DOLORES. — Un hijo de madre soltera… ¡Las matan! Y más si es hijo de un veraneante, que las francesas del camping le tienen predilección a los chicos de aquí, pero las mozas se derriten por los veraneantes. A la última que dio el resbalón… bueno…, los cogimos a ella y al veraneante…

JUAN. — ¿Y los mataron?

DOLORES. — No, les compramos una moto y se mataron ellos solos. (DOLORES no hace más que mirar a ANTÓN.) ¡A propósito de gorduras! Lo que ha engordado usted en una hora, ¿eh?

JUAN. — Sí, ha engordado. Es que es muy propensa.

DOLORES. — Para que luego hablen mal de la Sierra. Aquí, se viene mala y se pone una hecha un hombre.
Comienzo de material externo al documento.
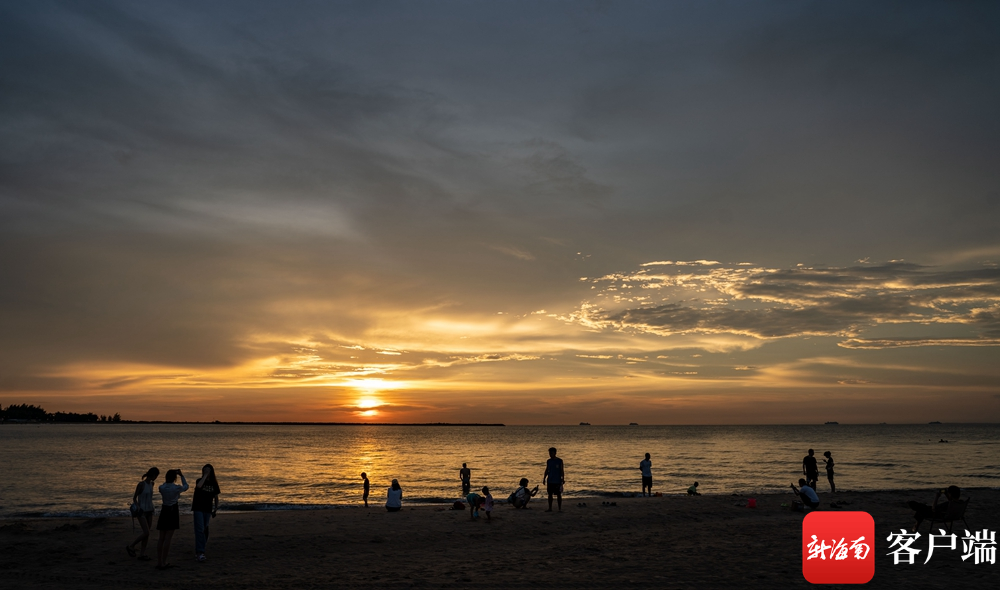 新海南客戶端、南海網(wǎng)、南國都市報5月26日消息(記者 劉孫謀)5月26日下午6時,在海口市棲海岸露營基地,一場降雨過后,海口出現(xiàn)美麗的晚霞,金色的陽光灑在沙灘上,吸引了許多市民前來游玩拍照,有不少市民在沙灘上戲水,還有市民在此一邊喝椰子水一邊打邊爐,美景美食相伴,好生愜意。
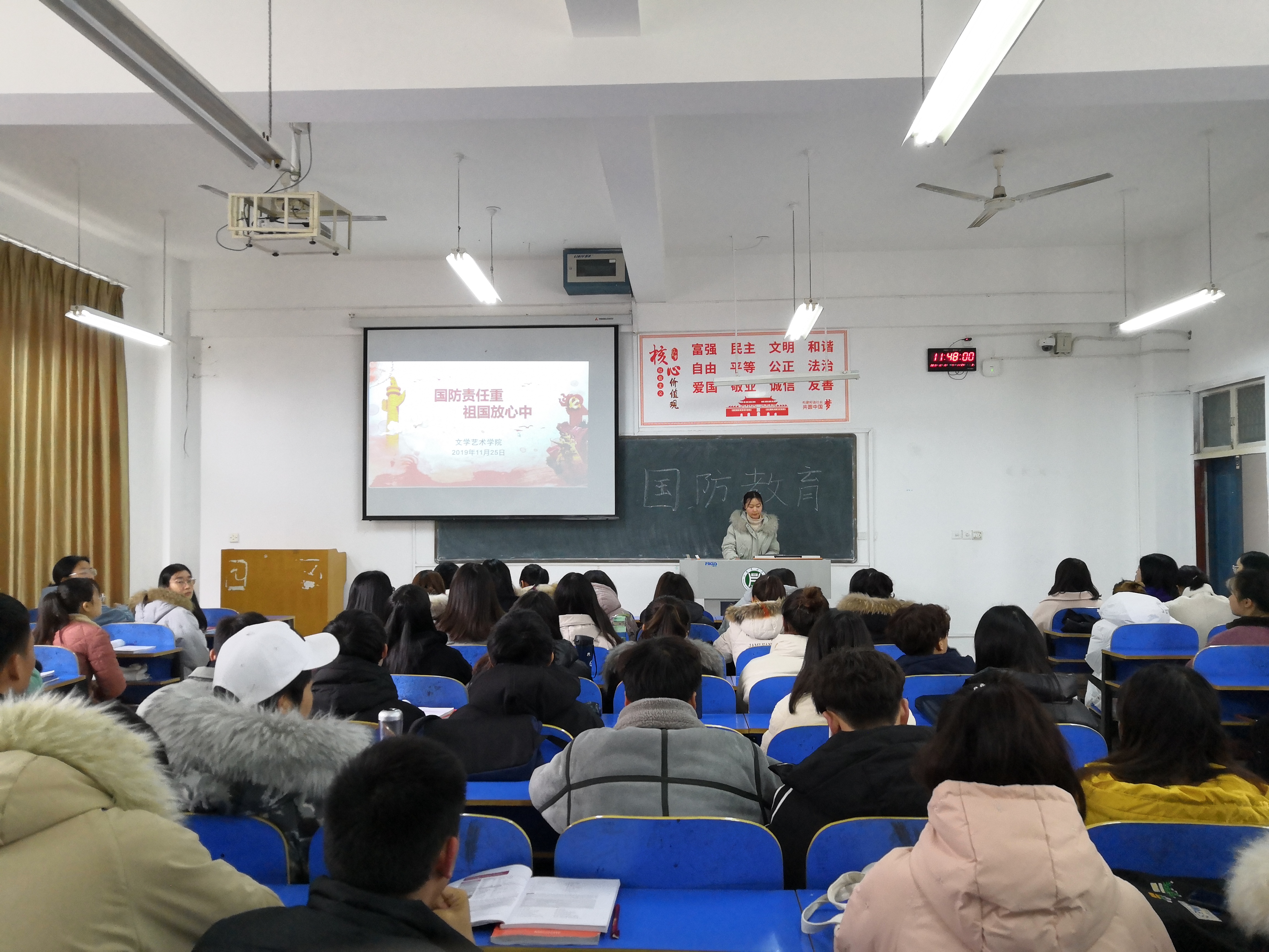 为了增强大学生的国防意识,培养学生的爱国主义情怀,11月25日中午,文学艺术学院在C102开展了国防教育讲座,本次报告由武装专员王蕾老师主讲,文秘专业2018级、2019级学生参加。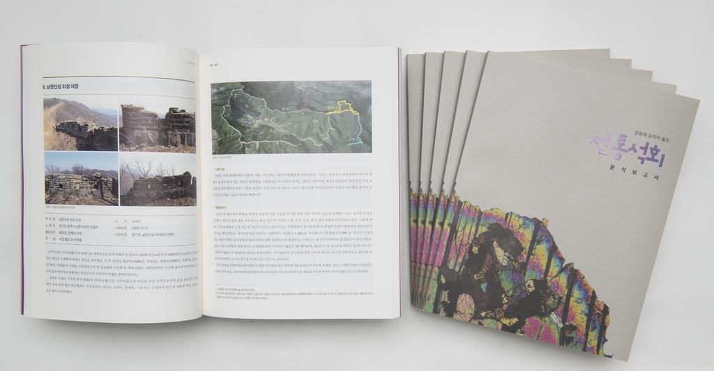 보고서에는 시대와 용도를 특정할 수 있는 전통석회 시료 58점의 분석 결과가 수록됐다. 삼국시대부터 조선시대까지 성곽, 건축물, 무덤, 온돌 등에 사용된 석회를 분석 대상으로 삼았다.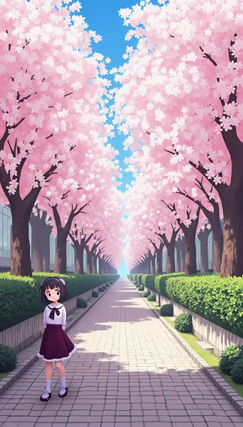 Mandhari ya maua ya cherry, texture cherry, ((uma musume, Rice Shower, msichana, style anime)), mitaani snaps, nzuri, 4K, Professional, photoshoot, Delicate

JUAN. — No lo sabe usted bien. ¿Quiere venir conmigo? Tengo que pedirle un favor a los señores de al lado. (ANTÓN se pone de pie en la silla, desesperado, señalando la ventana de la izquierda.) Estate quieta. (DOLORES se vuelve. JUAN sonríe.) Estas moscas… que quieren picar a mi mujercita. (Le da un manotón a ANTÓN en el hombro, que se ha sentado rápidamente.) Usted delante, Dolores, por favor. (A ANTÓN.) ¡No te muevas! (Salen los dos al jardín.) Quiero rogar a los señores de Andrade que me ayuden a subir a mi mujer al coche.

DOLORES. — Le ayudo yo.

JUAN. — Tengo un especial deseo en que sean ellos. ¡Señor Andrade! (Un silencio.) ¿Señor Andrade?… ¿Pero es que estos idiotas sólo aparecen cuando no se les necesita? Venga conmigo.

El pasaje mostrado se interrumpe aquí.